New NetSpectre Attack Can Steal CPU Secrets via Network Connections

Scientists published a paper Friday detailing a new Spectre-class CPU attack that can be carried out via network connections and does not require the attacker to host code on a targeted machine. From a report: This new attack --codenamed NetSpectre -- is a major evolution for Spectre attacks, which until now have required the attacker to trick a victim into downloading and running malicious code on his machine, or at least accessing a website that runs malicious JavaScript in the user's browser. But with NetSpectre, an attacker can simply bombard a computer's network ports and achieve the same results. Although the attack is innovative, NetSpectre also has its downsides (or positive side, depending on what part of the academics/users barricade you are). The biggest is the attack's woefully slow exfiltration speed, which is 15 bits/hour for attacks carried out via a network connection and targeting data stored in the CPU's cache.

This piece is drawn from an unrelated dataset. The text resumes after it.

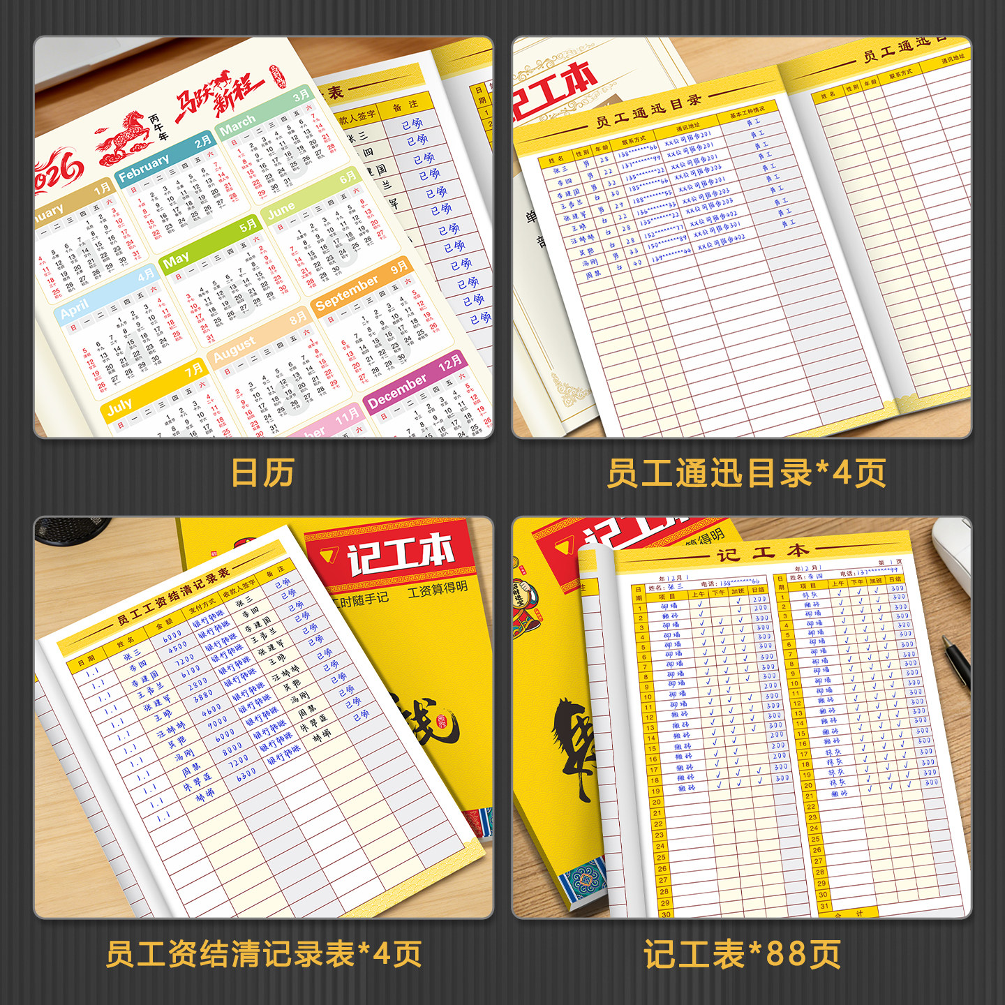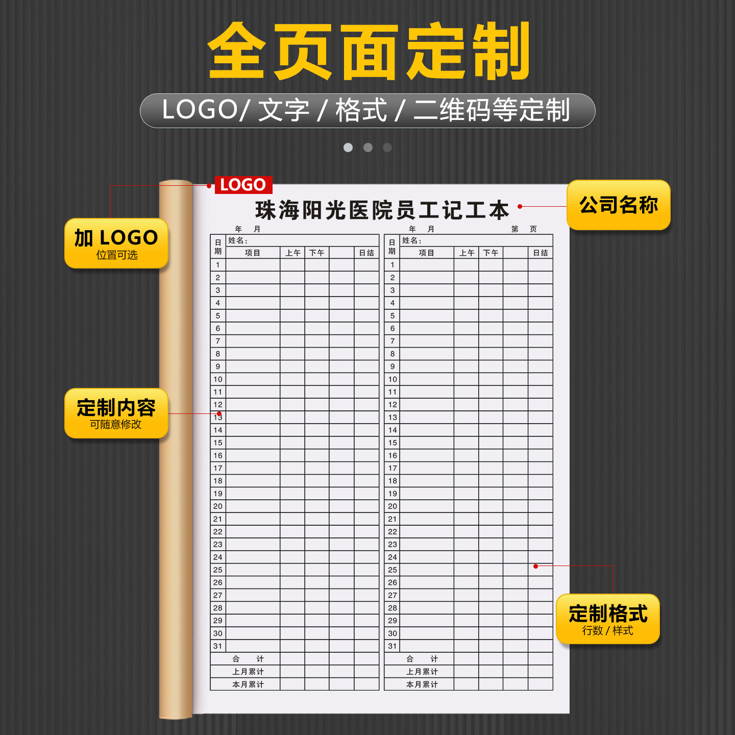 【医院记工本】新款个人记工簿31天带备注考勤表钟点工上班工时本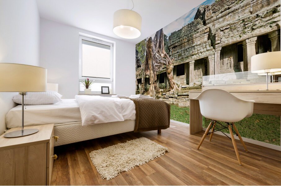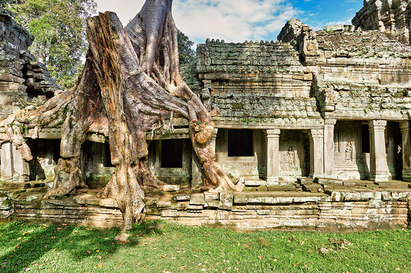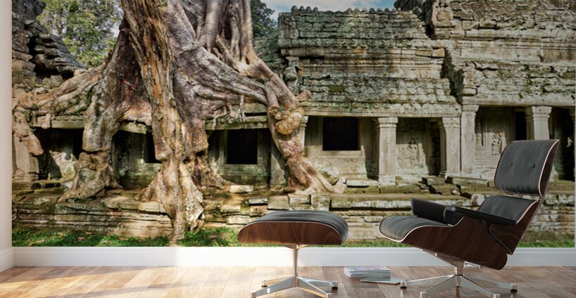 Giant tree roots embrace the ancient stone temple of Ta Prohm in Angkor Cambodia showcasing natures power over man-made structures.

Correcting myself - not random data

[raymorris]

> even if only random data now. someone will figure out how to get specific data.

They will and they did, it seems. I just read more about it.
The basic attack would be ~random data, but people have combined it with other very clever ideas to be able to target certain memory locations.

In those cases in which they can access memory through the kernel, such as the networking portion of the kernel, address randomization is bypassed.